Обычные формы повествования допускают различные точки зрения, но для этой книги я хотел создать структуру, в которой каждый из главных героев внес свой вклад в историю.
За последние несколько лет мне пришлось освободить два семейных дома — сначала дом, принадлежавший моей бабушке с 1923 года, а затем мой собственный загородный дом, в котором мы прожили более двадцати лет.
Я давно интересовался историей ландшафтов и, когда был моложе и крепче, много бродил по английским ландшафтам в поисках древних полевых систем, проезжих дорог, признаков доисторических поселений.
Каждый роман создает свою собственную атмосферу, когда вы начинаете. — © Пенелопа Лайвли
Каждый роман создает свою собственную атмосферу, когда вы начинаете.
Я предпочитаю уходить от фантастики.
Мне кажется, что все, что с нами происходит, представляет собой сбивающую с толку смесь выбора и случайностей.
Я не думал, что мне есть что сказать особенного, но я думал, что мне есть что сказать детям.
Я могу гулять по Лондону и видеть общество, которое кажется абсолютно революционным по сравнению с 1950-ми годами, которое кажется полностью и совершенно другим, а затем я могу уловить что-то такое, в чем вы вдруг видите, что это не так.
Нам всем нужно прошлое — вот откуда берется наше чувство идентичности.
С тех пор я только читал и читал - но, при этом, я полагаю, что есть уйма писателей, к которым я возвращаюсь снова и снова, не столько потому, что я хочу писать как они, даже если бы я был на это способен, но просто для своего рода стилистического выстрела в руку.
В глубине души у меня есть это атавистическое чувство, что я действительно должен быть в деревне.

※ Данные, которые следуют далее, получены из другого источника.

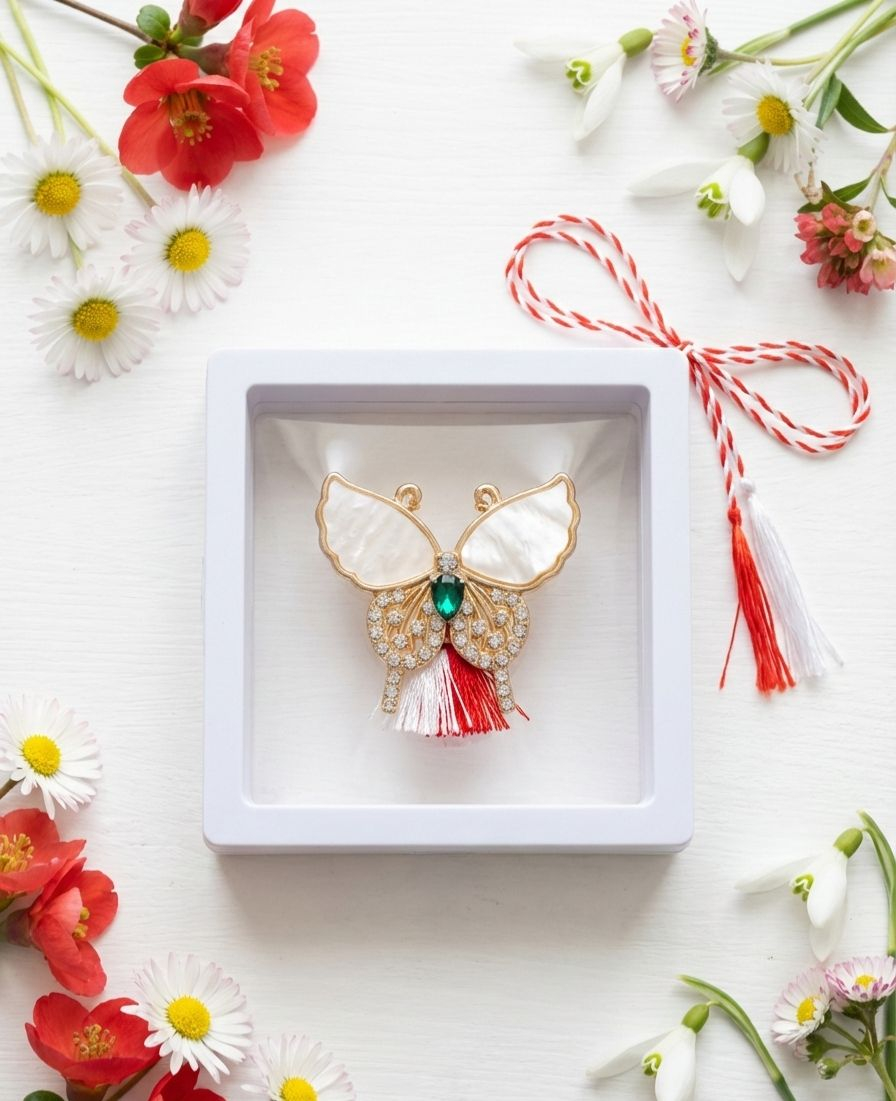 Brosa Fluture Martisor cu Pietre Multicolore si Snur Alb-Rosu si Cutie Catifea

Все, что я знаю наверняка, это то, что чтение имеет для меня самое большое значение; если бы я не был в состоянии читать, возвращаться к старым любимым и экспериментировать с новыми для меня именами, я был бы голоден - вероятно, слишком голоден, чтобы продолжать писать самому.
Меня всегда восхищала работа памяти — то, как она нелинейна, а фрагментирована, и ее амбивалентность.
Знакомство с кем-то еще предполагает любопытство относительно того, откуда они родом и кто они.
В равной степени нам требуется коллективное прошлое — отсюда и бесконечные переинтерпретации истории, часто в соответствии с восприятием настоящего.
Фотография связана с силой, с которой прошлое должно мешать настоящему: бомба замедленного действия в шкафу. — © Пенелопа Лайвли
Фотография связана с силой, с которой прошлое должно мешать настоящему: бомба замедленного действия в шкафу.
Многому учишься, сочиняя художественную литературу.
Мы делаем выбор, но нам постоянно мешают случайности.
Мне нравится прочно встраивать вымышленного персонажа в профессию.
Рассмотрение изменений за столетие связано с потерями, хотя я думаю, что социальные изменения — это скорее приобретение, чем потеря.
Есть озабоченность памятью и операцией памяти и довольно жадный интерес к истории.
В конце концов, настоящее почти не существует — оно становится прошлым, даже когда оно происходит. Сложная среда, время – и это центральные проблемы художественной литературы.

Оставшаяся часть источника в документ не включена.